━━━━━ Supplied data ━━━━━

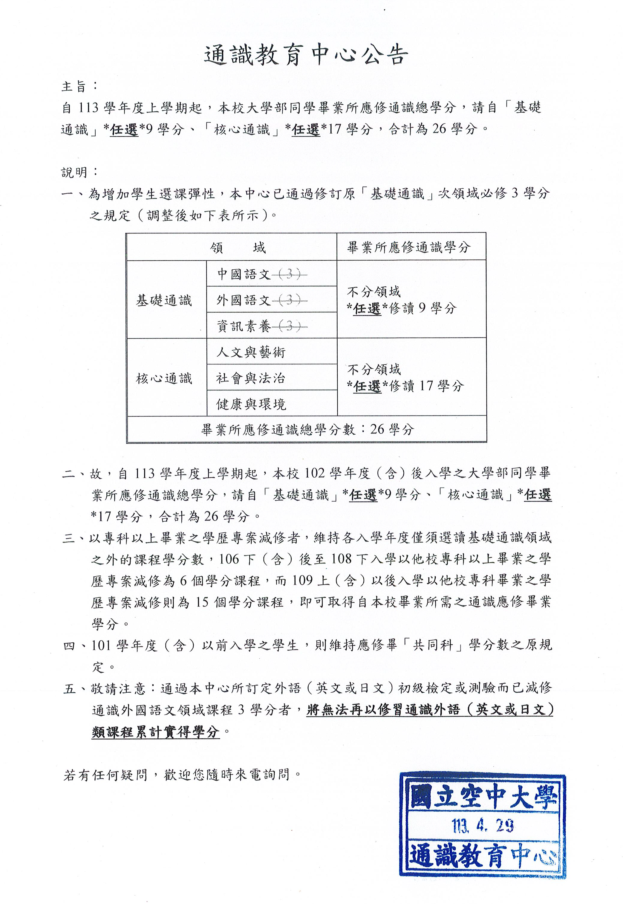 2025/05/19 人文學系114年度上學期起全面停開英語所有課程予學生周知
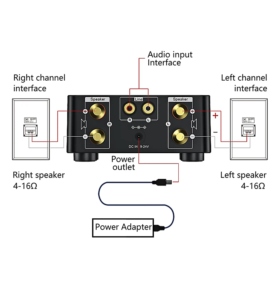 Усилитель мощности-это усилитель мощности с фиксированным сопротивлением. Поддержка пассивного аудио/рога 4/6/8/16 Ом. Он не может быть подключен к компьютерному аудио и другим активным аудио. Не подходит для пассивного сабвуфера. 4 столба усилителя мощности являются выходными интерфейсами. 3,5 мм и другие наушники затычки или лотоса вилки
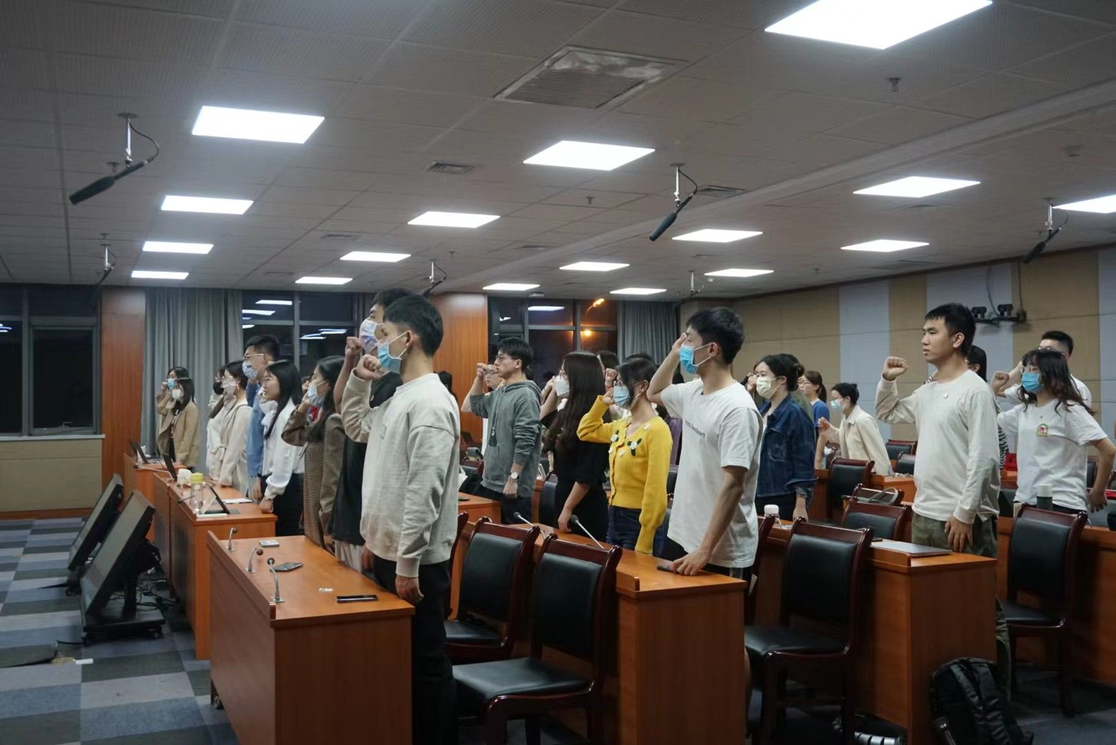 活动伊始,全体成员齐唱共青团团歌《光荣啊,中国共青团》。伴随着振奋人心的歌词,激情慷慨的旋律,每一位在场的同学都激情澎湃地歌唱着。接着,领誓人万格彤带领全体团员重温入团誓词。同学们高举右拳,郑重宣誓,仿佛又回到了刚刚入团时满腔热血的时刻。尽管和初入团时相比,我们经历了很多,但我们对共青团的初心仍然真诚炽热。
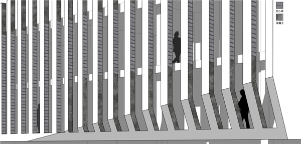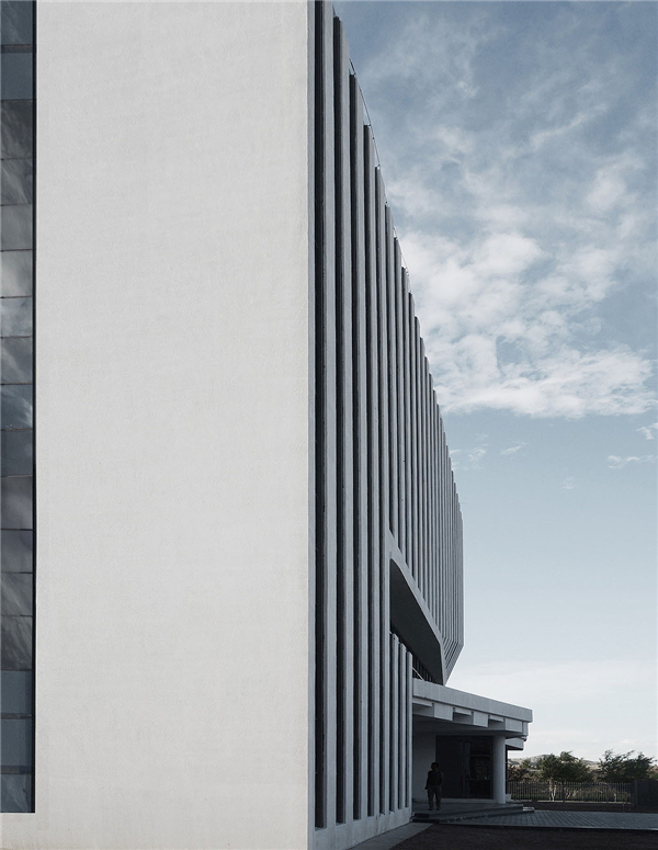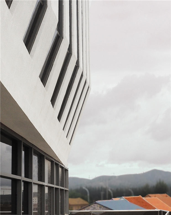 我们想要使建筑在秩序的语素中获得变化并不破坏功能,形成一个立体的艺塑性建筑既与周边的旧貌对望又与特有的无垠山貌相互吸引,似一块切片岩体生成于广袤的大地之上。
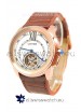Watch name: Calibre de Cartier Flying Tourbillon Japanese Replica Rose Gold Watch in Brown Strap
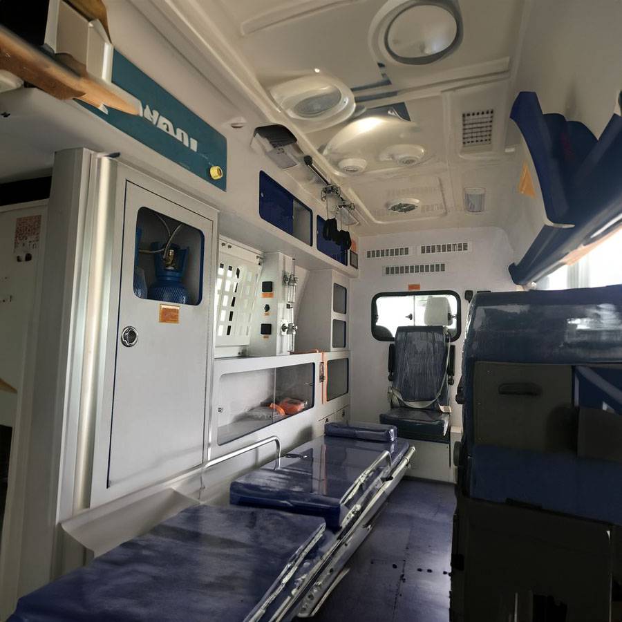 4、车内设备包括:自动上车担架床、自动呼吸机、心电监护仪、吸痰器、呼吸气囊、氧气系统、血压心跳仪、急救设备等。
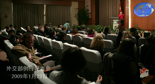 2009年1月22日,外交部發(fā)言人姜瑜舉行例行記者會(huì),主要就中美、中法關(guān)系,中東局勢等答記者問。

━━━━━

Beginning at the line that has "Усилитель мощности-это усилитель" and ending at the line that has "我们想要使建筑在秩序的语素中", restate the listing above word for word, pictures left out.

Answer
 Усилитель мощности-это усилитель мощности с фиксированным сопротивлением. Поддержка пассивного аудио/рога 4/6/8/16 Ом. Он не может быть подключен к компьютерному аудио и другим активным аудио. Не подходит для пассивного сабвуфера. 4 столба усилителя мощности являются выходными интерфейсами. 3,5 мм и другие наушники затычки или лотоса вилки
 活动伊始,全体成员齐唱共青团团歌《光荣啊,中国共青团》。伴随着振奋人心的歌词,激情慷慨的旋律,每一位在场的同学都激情澎湃地歌唱着。接着,领誓人万格彤带领全体团员重温入团誓词。同学们高举右拳,郑重宣誓,仿佛又回到了刚刚入团时满腔热血的时刻。尽管和初入团时相比,我们经历了很多,但我们对共青团的初心仍然真诚炽热。
 我们想要使建筑在秩序的语素中获得变化并不破坏功能,形成一个立体的艺塑性建筑既与周边的旧貌对望又与特有的无垠山貌相互吸引,似一块切片岩体生成于广袤的大地之上。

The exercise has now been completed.